So I'm gaining weight at the moment.
It wasn't intentional at first - I like to ride, and I'm trying to get a local hill-climb (2.3km with a 285m vertical elevation) in under 10 minutes. I have a friend who is into weights show me the ropes of squats and deadlifts. But then while we were there, we did some bench presses, military presses, and clean lifts. Within a week my appetite had gone through the roof, so I started feeding it; a far sight from my previous MO of eating only enough to stop being hungry. Then with more food came better results, more definition, more strength. Within a month I'd gone from benching 40kg to 60kg. Then I started looking in the mirror and going 'holy shit, what?'.

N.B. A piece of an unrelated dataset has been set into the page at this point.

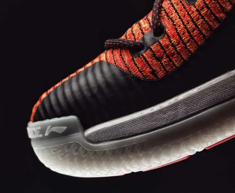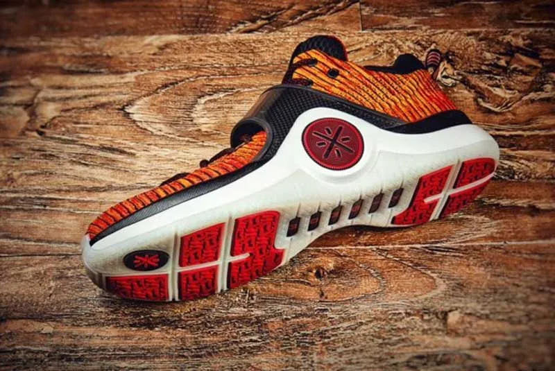 La tige orange en tissu est accompagnée par de nombreuses touches de noir, et une semelle blanche. Li-Ning a complété le thème par l’inscription «Pumpkin» sous la sangle. Au final, ce coloris se marie plutôt bien avec les couleurs des Cavaliers.

Long story short, my experience has been that strength and size are built in the gym and in the kitchen. I'm doing weights in a 5x5 pattern and it's working out amazingly in all ways; strength, mass and definition. The only thing about such a hyper-caloric diet is that you will be carrying some extra fat - a small price to pay, I think, for making sure the body always has what it needs to keep building. I can always lean out when I'm done, which for me I suspect will be around 85kg (I was 75 when I started, now at 80).
Dietary method is a seafood diet - I see food, I eat it. Haha no, not really. I mostly eat lean meat (generally steak, salmon or chicken) with some vegetables and pasta, and try to eat as much as I can at any given meal. Fucking shitloads, I believe is the metric measurement. I eat roughly double what I used to. I tend to use Musashi protein powder with milk once a day, but especially after a workout. No special vitamins really, just the odd Centrum or Berocca.
All of what I've learnt from this and my previous patterns of weight gain and loss can be condensed to two simple ideas:
1. FOOD. You can't out-exercise a bad diet. A good diet does not necessarily mean small amounts of food, just not shit. The appeal of junk food is surprisingly less when you are full of delicious steak.
2. WORK OUT. Exercise frequently, and hard. Be exhausted at the end of every session. If you are not destroyed by the end you could have gone harder. Work as hard as you can without failing.